Исследования двух последних десятилетий не только изменили взгляд на природу и генетические взаимоотношения армянского языка, но и позволили внести дальнейшие уточнения, наметив линию его генетических связей, или контактов, с древнейшими языками Балканского полуострова, например фригийским 34. Правда, выяснение конкретных форм этих связей, видимо, потребует дальнейших дополнительных исследований, но факт генетических контактов с древними языками Балканского полуострова признается бесспорным 35. Таким образом, лингвистическая информация на современном уровне ее изучения не только позволяет увязать
армянский язык с широким кругом индоевропейских языков, но и указывает на его восточносредиземноморское происхождение. Этногенетический вывод из этого очевиден: индоевропейская принадлежность армянского языка уводит генезис армянского народа за пределы нынешней Армении, так как Армянское нагорье вряд ли можно включать в прародину индоевропейских языков, что касается конкретно балканских связей, то они тем более заставляют думать о неместном происхождении армян.

Налицо то же самое противоречие лингвистических данных антропологическим и фольклорным. Что сказать о характере этого противоречия, не вдаваясь пока в его причины? При оценке ситуации II мы предполагали, что более древние этапы этногенеза полинезийцев стерты в памяти народа богатыми событиями позднейшей истории, которые только и сохранились в этногенетических легендах. По отношению к этногенезу армян можно сделать то же предположение — с той только разницей, что предшествующий этап этногенеза был здесь многоступенчатый: он включал и формирование антропологического состава па местной основе, и усвоение языка, который, по новейшим данным, появился в Армении в середине I тысячелетия до н. э. 36 Обе эти ступени древнейшего этапа этногенеза вскрываются последовательно антропологическими и лингвистическими данными, но не этногенетическими преданиями.

Теоретически возможен и практически реализуется и противоположный случай: именно лингвистика дает аргументы в пользу независимого от инородных влияний местного этногенеза, и, напротив, антропология и этногенетические предания позволяют реконструировать миграционный
процесс. Пример тому — этногенез айнов.

Не вдаваясь в детали формирования антропологических особенностей айнов (критический итог многим предшествующим работам подводит монография М. Г. Левина 37, содержащая также и большой самостоятельный материал), отмечу основную специфику айнского комплекса признаков. Она состоит в исключительно сильном развитии волосяного покрова, волнистоволосости, потемнении цвета кожи по сравнению с окружающими айнов народами. Все это несомненные аргументы в пользу южных связей айнов, так как аналогичный комплекс, конечно сильнее выраженный, характерен для меланезийцев, папуасов и австралийцев. Возможно, какие-то древние представители австралоидной, или океанийской, ветви негроидной расы, продвинувшись на север, и приняли участие в сложении свойственной современным айнам комбинации антропологических признаков. Другим бесспорным компонентом, принявшим участие в смешении, была какая-то монголоидная комбинация.

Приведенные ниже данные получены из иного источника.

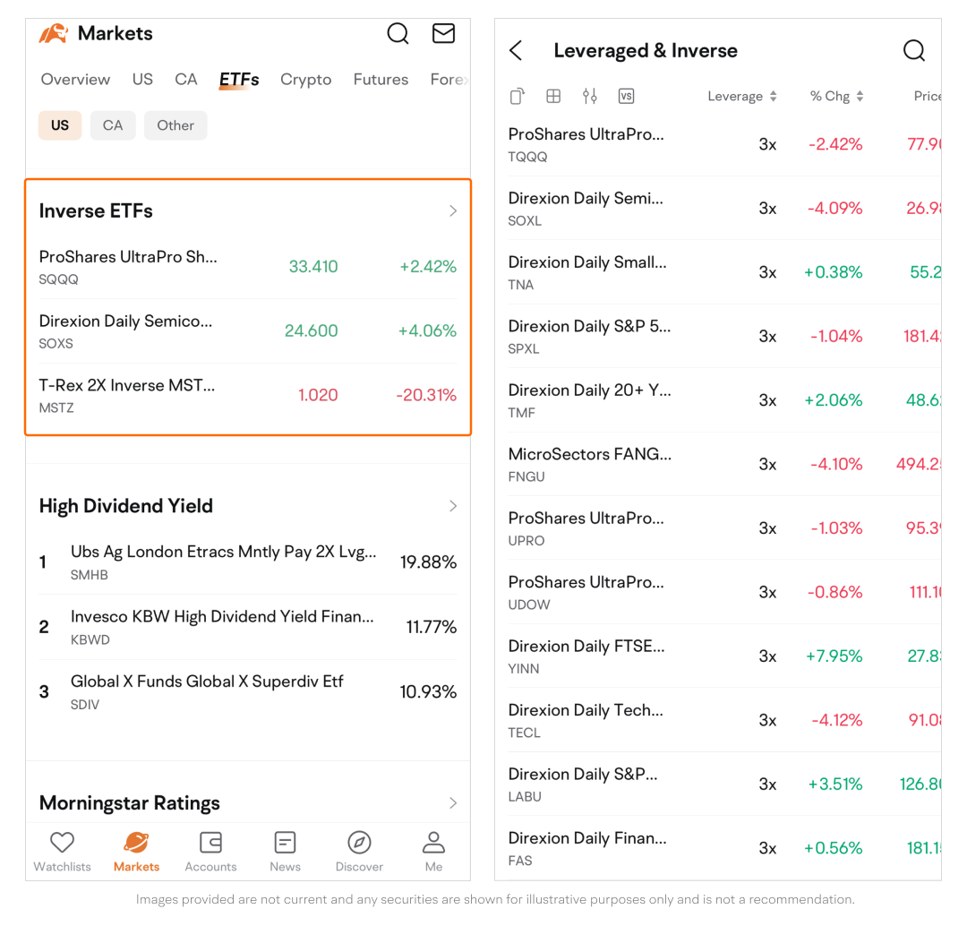Tap the Filter icon to screen ETFs by underlying index and leverage.

Антропологические данные находятся в полном согласии с гипотезой южного происхождения айнов, глубоко аргументированной Л. Я. Штернбергом 38. Он опирался в основном на этнографическую аргументацию и привлек среди своих сопоставлений и этногенетические предания айнов о появлении их с моря. Предания эти очень сходны с океанийскими. Это как раз то, что интересует нас в наибольшей степени в данном случае, — совпадение этногенетических преданий с антропологическими наблюдениями. Что касается положения айнского языка среди других языков, то он является полностью изолированным, до сих пор ему не обнаружено убедительных аналогий ни в одном из языков мира 39. Сам по себе этот вывод не есть полное доказательство местного происхождения айнского языка, но все же отсутствие аналогии легче всего объяснить именно изолированным формированием в пределах той же территории, где мы застаем язык в настоящее время. Памятуя о том, что этногенетические предания в предыдущих случаях отражали какие-то сравнительно поздние события, можно думать, что южные связи айнов были исторической реальностью еще в сравнительно недавнее время. Почему же тогда язык не сохранил нам никаких воспоминаний об этих связях?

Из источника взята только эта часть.